↓

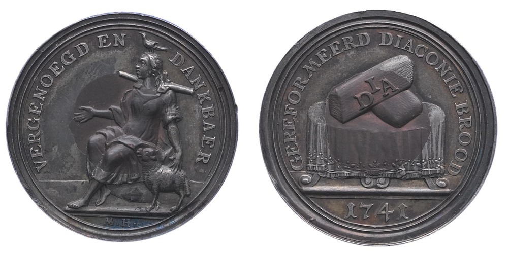 keerzijde: een tafel met gedrapeerd tafelkleed, daarop twee gekruiste broden waarop de letters DIA. Omschrift. Onder de afsnede een jaartal.
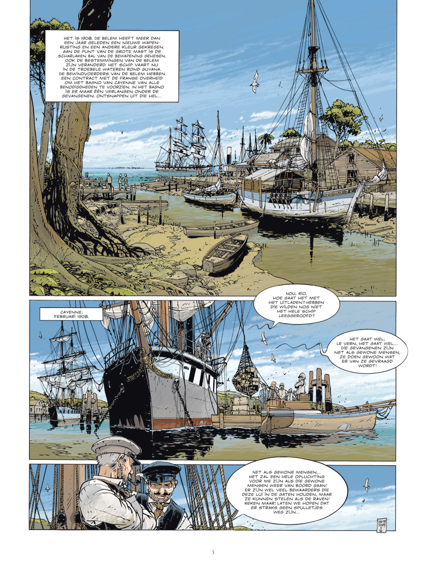 Lees en ervaar de avontuurlijke en spannende reizen van het koopvaardijschip Belem. In opdracht van de Franse overheid meert koopvaardijschip Belem, eigendom van rederij Demange, aan bij de kust van Guyana om het bagno van Cayenne, de beroemde strafkolonie, te bevoorraden. Is dit een reis zoals vele andere? Zeker niet. Het gevaar is overal. De menselijke ellende is overal. De onzekerheid is overal. De verstikkende hitte en vochtigheid zijn overal. En de Belem bevindt zich weer in het hart van uitzonderlijke historische gebeurtenissen, met grote precisie en in weergaloze stijl weergegeven door tekenaar Jean-Yves Delitte.
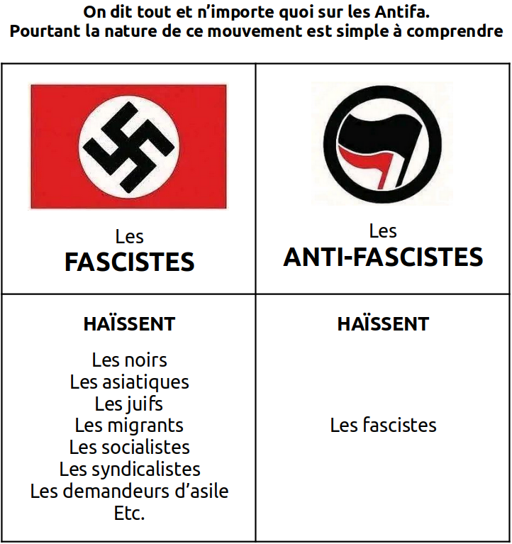 On dit tout et n’importe quoi sur les Antifa. Pourtant la nature de ce mouvement est simple à comprendre : - Les fascistes haïssent : les noirs, les asiatiques, les juifs, les migrants, les socialistes, les syndicalistes, les demandeurs d'asiles, etc. - Les anti-fascistes haïssent : les fascistes.
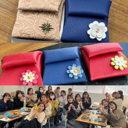 その後、体験学習として「革細工」を使った小物入れを作成しました。
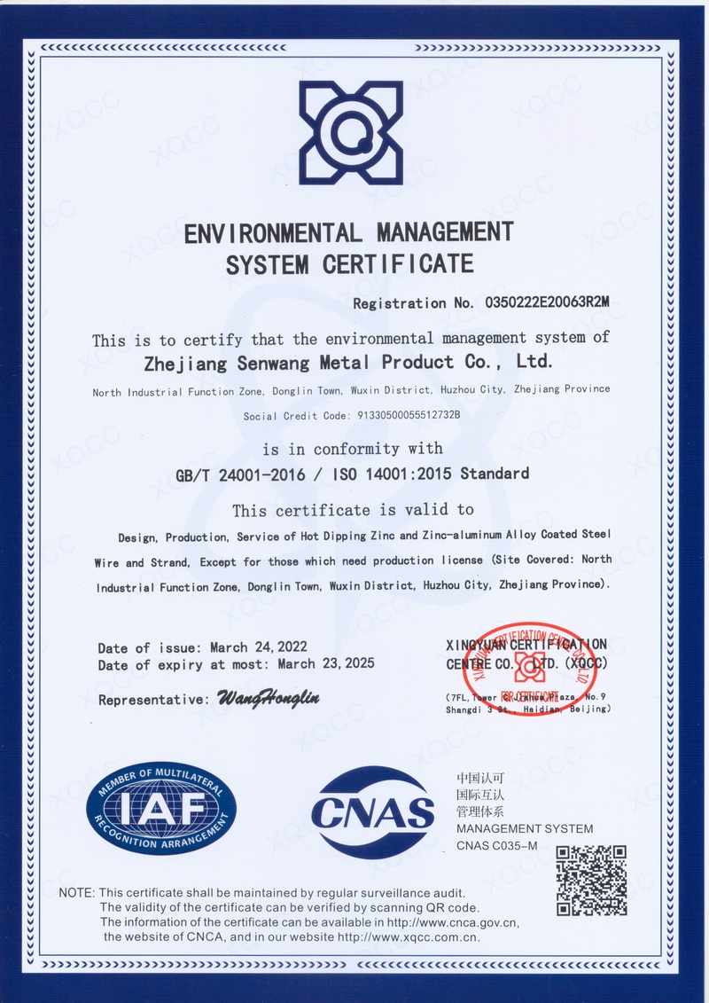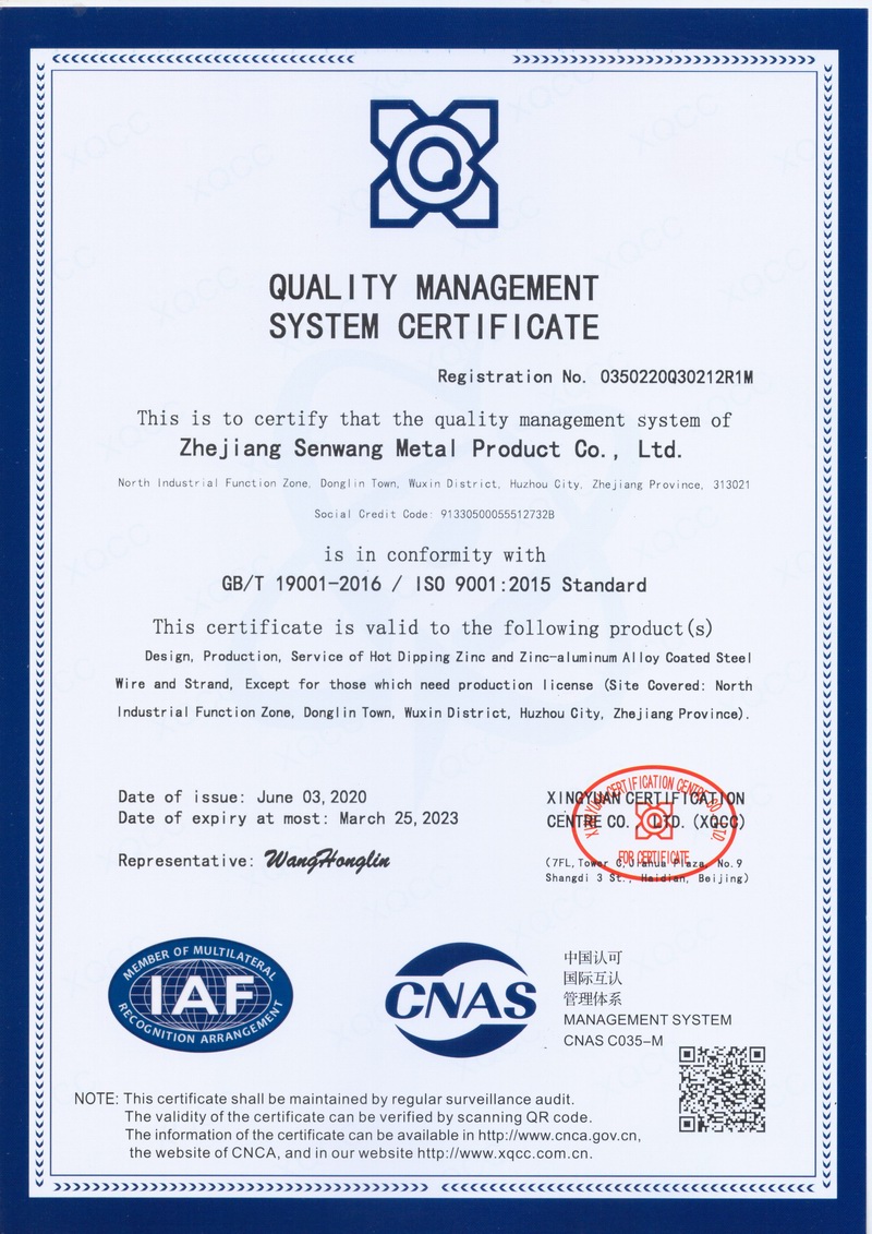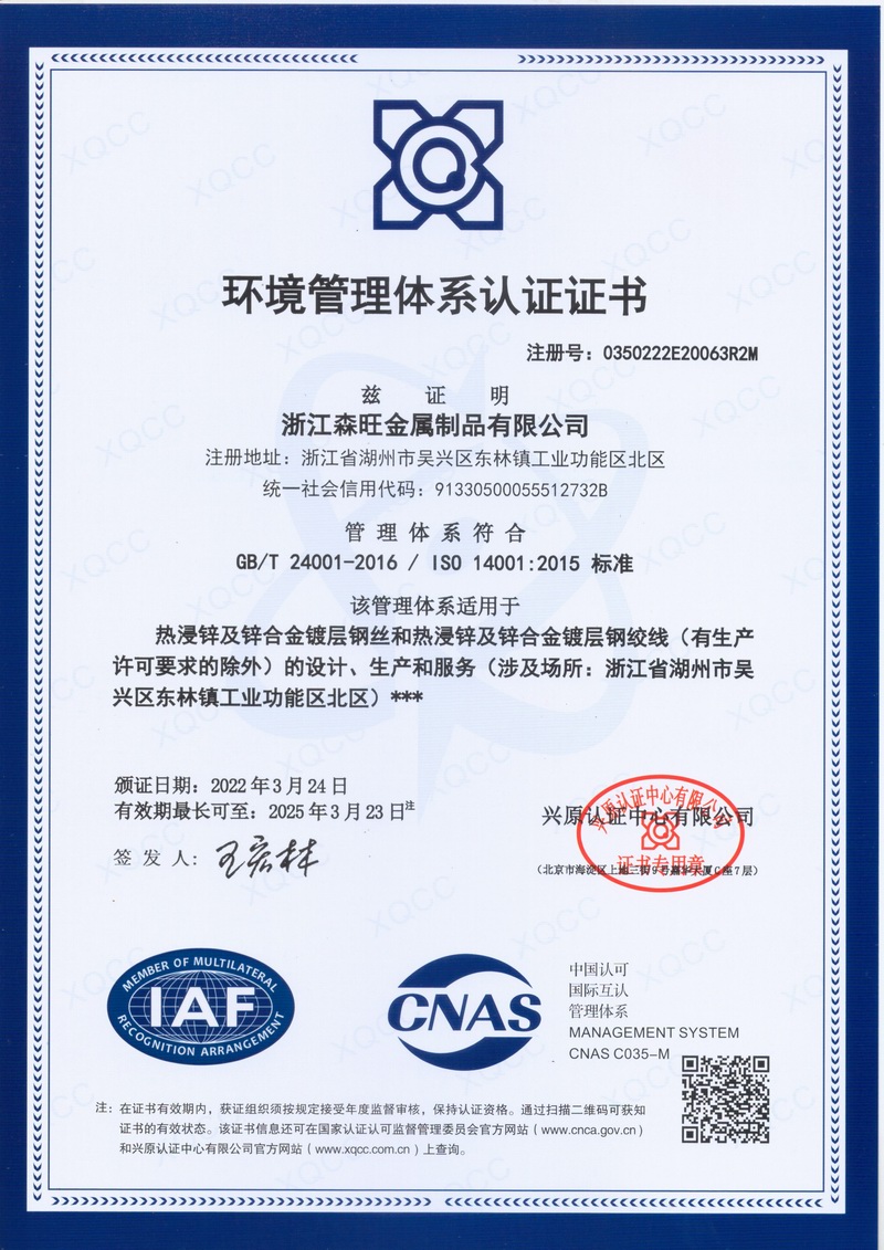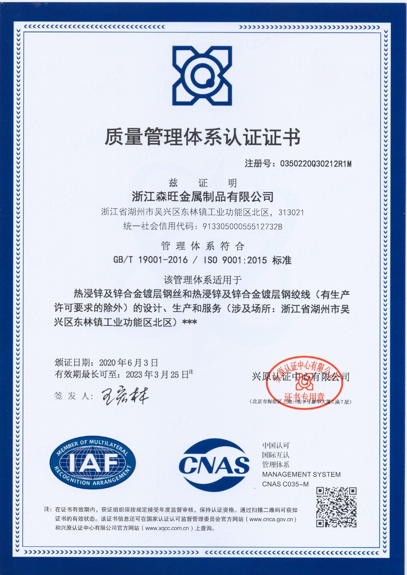 浙江森旺金屬制品有限公司成立于2012年,坐落湖州市吳興區東林鎮工業功能區。公司專業從事各類鍍鋅鋼絲、鋼絞線等產品的開發(fā)及生產。目前產品已廣泛應用于各類通信光電纜,電力輸送,電氣化鐵路工程,各類堤壩防護及農業溫室等工程領域。公司秉承“追求卓越品質,創(chuàng)建卓著信譽”的經營理念,始終堅持專業化、規(guī)模化的經營模式。
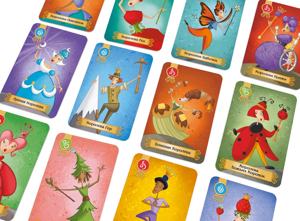 Королевы отправляются в путешествие, но по дороге через зачарованный лес они слышат крики о помощи. Короли попали в беду! Спасти их могут только королевы. Но для этого им не обойтись без волшебных помощников. И каждой королеве подойдёт только определённый тип помощника. Жители леса, книги чар, драконы и странствующие рыцари тоже не останутся в стороне. Первый игрок, спасший необходимое количество королей, станет победителем!
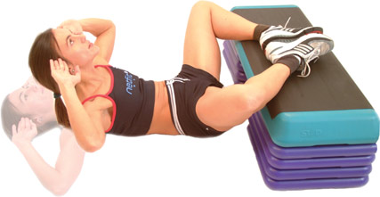 Exhale and lift both shoulders off the floor, whilst keeping your hands behind your head to support the weight of your head, avoid pulling on your head during any part of the movement, concentrate on keeping your elbows out to your sides.
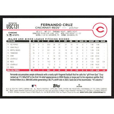 This is a 2024 Topps Chrome Update Prism Refractors Fernando Cruz baseball card. The card is #USC131 and pictures show condition.
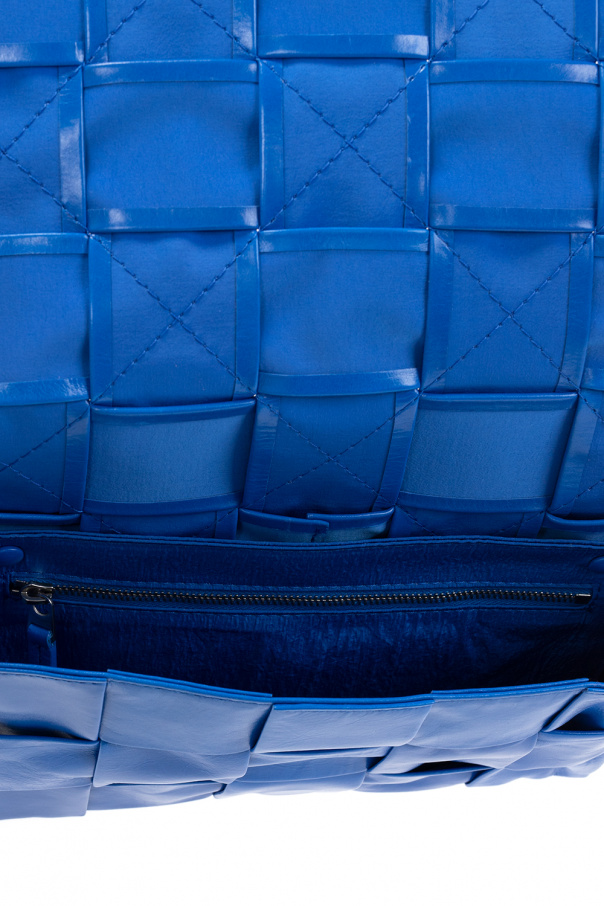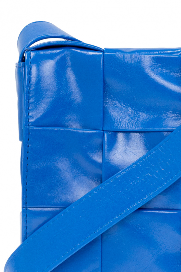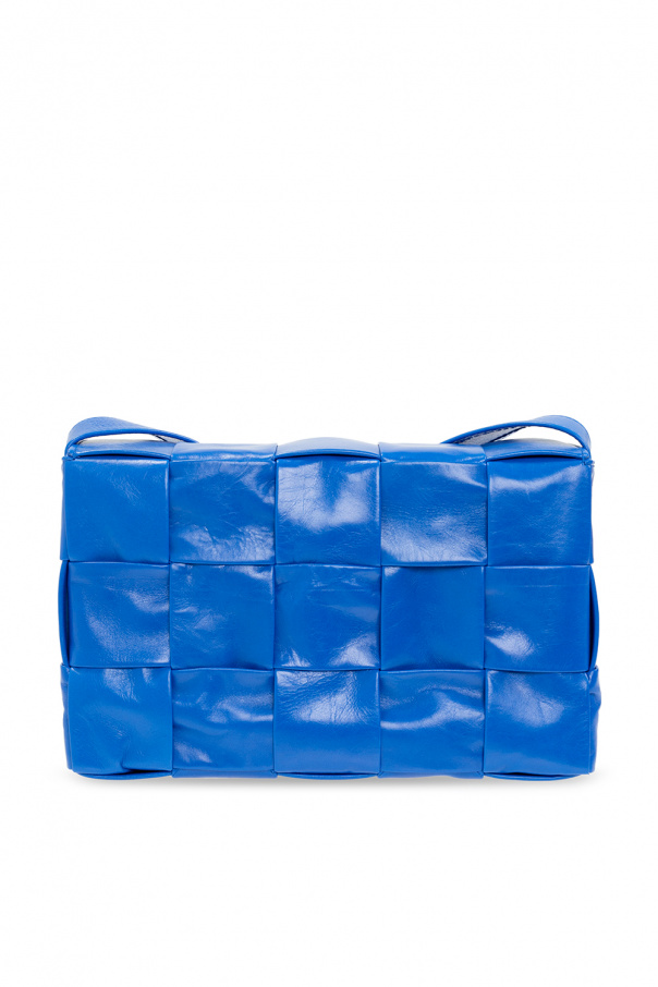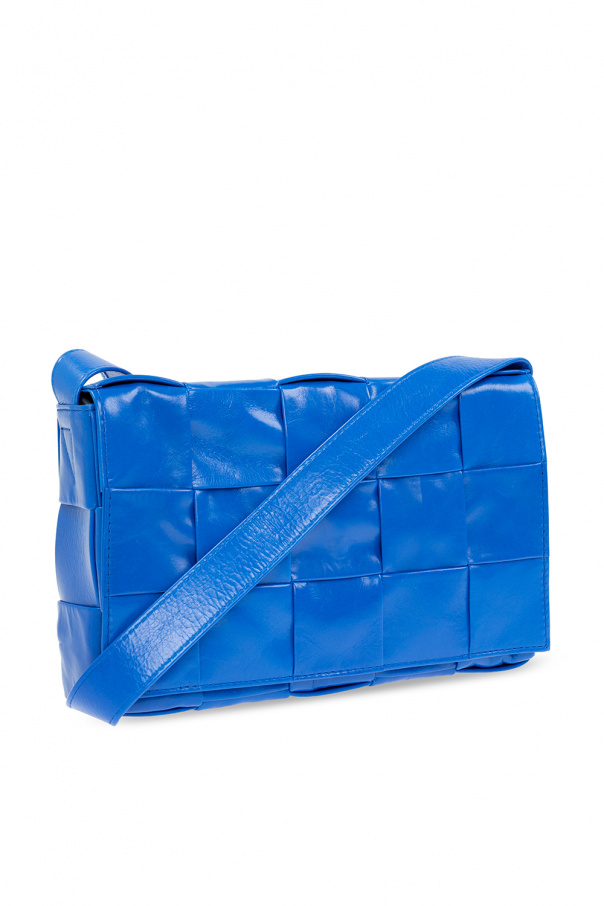 Blue ‘Casette’ shoulder bag from Bottega Veneta. Crafted from calf leather with the label’s signature Intrecciato weave, this model fastens with a magnetic snap and is complete with an adjustable shoulder strap, silver-tone metal hardware and one internal compartment with one zip pocket.

↑

**WORK TASK:**
When you print the entries, keep every line exactly as it is and drop the pictures.

**TASK RESULT:**
 keerzijde: een tafel met gedrapeerd tafelkleed, daarop twee gekruiste broden waarop de letters DIA. Omschrift. Onder de afsnede een jaartal.
 Lees en ervaar de avontuurlijke en spannende reizen van het koopvaardijschip Belem. In opdracht van de Franse overheid meert koopvaardijschip Belem, eigendom van rederij Demange, aan bij de kust van Guyana om het bagno van Cayenne, de beroemde strafkolonie, te bevoorraden. Is dit een reis zoals vele andere? Zeker niet. Het gevaar is overal. De menselijke ellende is overal. De onzekerheid is overal. De verstikkende hitte en vochtigheid zijn overal. En de Belem bevindt zich weer in het hart van uitzonderlijke historische gebeurtenissen, met grote precisie en in weergaloze stijl weergegeven door tekenaar Jean-Yves Delitte.
 On dit tout et n’importe quoi sur les Antifa. Pourtant la nature de ce mouvement est simple à comprendre : - Les fascistes haïssent : les noirs, les asiatiques, les juifs, les migrants, les socialistes, les syndicalistes, les demandeurs d'asiles, etc. - Les anti-fascistes haïssent : les fascistes.
 その後、体験学習として「革細工」を使った小物入れを作成しました。
 浙江森旺金屬制品有限公司成立于2012年,坐落湖州市吳興區東林鎮工業功能區。公司專業從事各類鍍鋅鋼絲、鋼絞線等產品的開發(fā)及生產。目前產品已廣泛應用于各類通信光電纜,電力輸送,電氣化鐵路工程,各類堤壩防護及農業溫室等工程領域。公司秉承“追求卓越品質,創(chuàng)建卓著信譽”的經營理念,始終堅持專業化、規(guī)模化的經營模式。
 Королевы отправляются в путешествие, но по дороге через зачарованный лес они слышат крики о помощи. Короли попали в беду! Спасти их могут только королевы. Но для этого им не обойтись без волшебных помощников. И каждой королеве подойдёт только определённый тип помощника. Жители леса, книги чар, драконы и странствующие рыцари тоже не останутся в стороне. Первый игрок, спасший необходимое количество королей, станет победителем!
 Exhale and lift both shoulders off the floor, whilst keeping your hands behind your head to support the weight of your head, avoid pulling on your head during any part of the movement, concentrate on keeping your elbows out to your sides.
 This is a 2024 Topps Chrome Update Prism Refractors Fernando Cruz baseball card. The card is #USC131 and pictures show condition.
 Blue ‘Casette’ shoulder bag from Bottega Veneta. Crafted from calf leather with the label’s signature Intrecciato weave, this model fastens with a magnetic snap and is complete with an adjustable shoulder strap, silver-tone metal hardware and one internal compartment with one zip pocket.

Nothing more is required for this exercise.